One of my theology professors earlier in my training made the following point again and again in a course on American Catholicism: the real sea change in American Catholic life in the next decades will not be the loss of vocations to the priesthood, but the loss of vocations to women’s religious orders. There was a moment yesterday when I watched Sandra Schneiders, IHM, bless Mary’s coffin, where it occurred to me that we will never see the likes of these women again—women who gained doctorates, ran institutions, cared for the neediest among us, instructed American Catholics from the first grade through their graduate educations, taught generations of Catholics not only their faith but how to understand it critically. Between Mary Milligan and Sandra Schneiders, there is not an insight into Scripture or an insight into life that anyone short of Christ himself could find. And these women did it all on pennies, did it all in a church that can seem oftentimes like a boy’s club. Don’t think so? Take a look on the Internet at what many Catholics (some of them priests) say about women religious in the United States. Figures like Mary scare the pants off men who can’t deal with intelligent, assertive women who have the habit of not shutting up.

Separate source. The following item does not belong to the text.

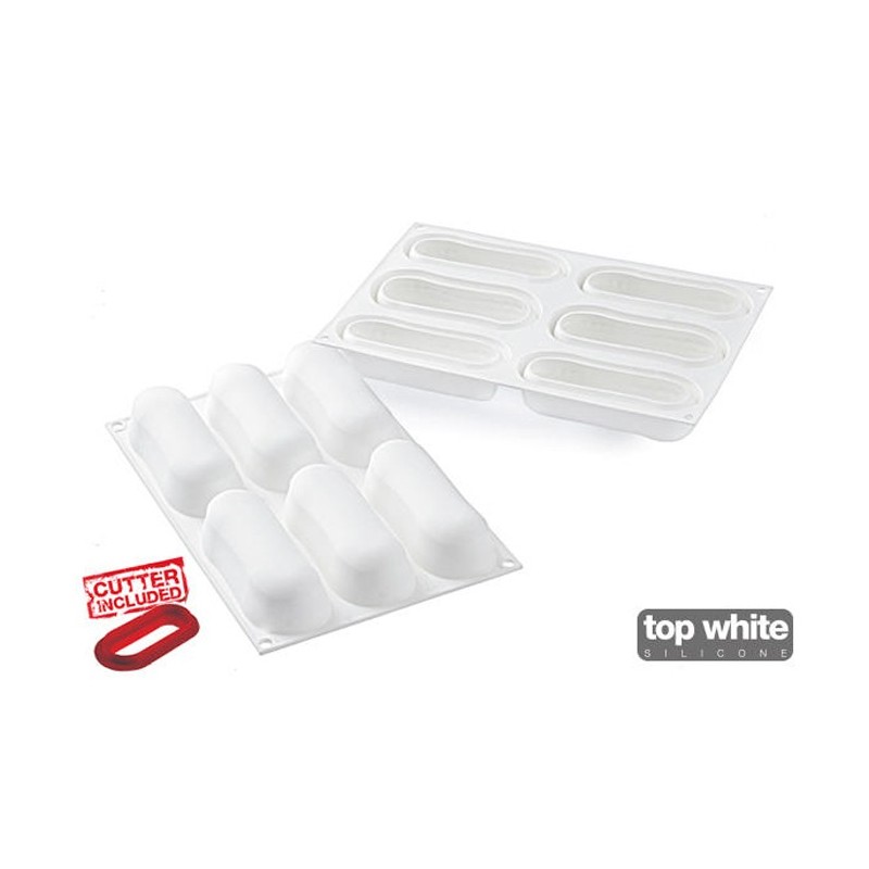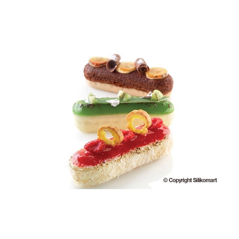 Un nouveau concept en laboratoire avec le moule multiforme Éclair140 de Silikomart Professional. Éclairs sucrés et salés en version parfait, mousse ou cuite, parfaits et tridimensionnels grâce à ce moule élégant et innovant qui permet de réaliser 6 éclairs au volume de 140 ml chacun. La confection inclut aussi un emporte-pièce fonctionnel en plastique permettant de réaliser des inserts ou des bases d’appui originaux qui s’adaptent parfaitement aux formes du moule, pour des préparations qui ravissent le regard et le palais. Grâce à l’innovante bordure sur le côté supérieur, chaque cavité du moule permet d’obtenir des éclairs à la forme parfaitement arrondie à la base. Cette technologie spéciale unie à la flexibilité de la silicone, permettent un démoulage aisé et garantissent des résultats impeccables, ainsi qu'une totale fidelité à la forme.;

There are something like 70,000 women religious in the United States still. When we lose them, we will be less as a church and less as a nation. I think of Mary, of Peg, of Betty, of Margaret Ellen, of Madeleine, of Bea, of Joanne, of a thousand other Sisters who have been exemplars of the Christian life in my own short existence, and remember how blessed I am and we are to have them.
Jim Keane, S.J.
Thanks for your lovely comments about my sister, Mary Milligan, RSHM. I don't think she'd mind me saying that ''she was all that and a bag of chips.'' I can tell you that the unity of spirit and love that we felt inside Sacred Heart Chapel at LMU during her Vigil and Funeral Mass was overpowering. It is our hope that our sister's life will inspire others to take the next step forward.
paz and blessings,
Mike Milligan
Once again, I think the problem resides in the unfortunate sexism of the Church. Today's women are used to be equal to men in organizational charts and at home. On this issue, the Church should evolve with contemporary times.
Why do Jesuits talk about social justice and equalities of outcome in the external world but not about the same ideas within the Church?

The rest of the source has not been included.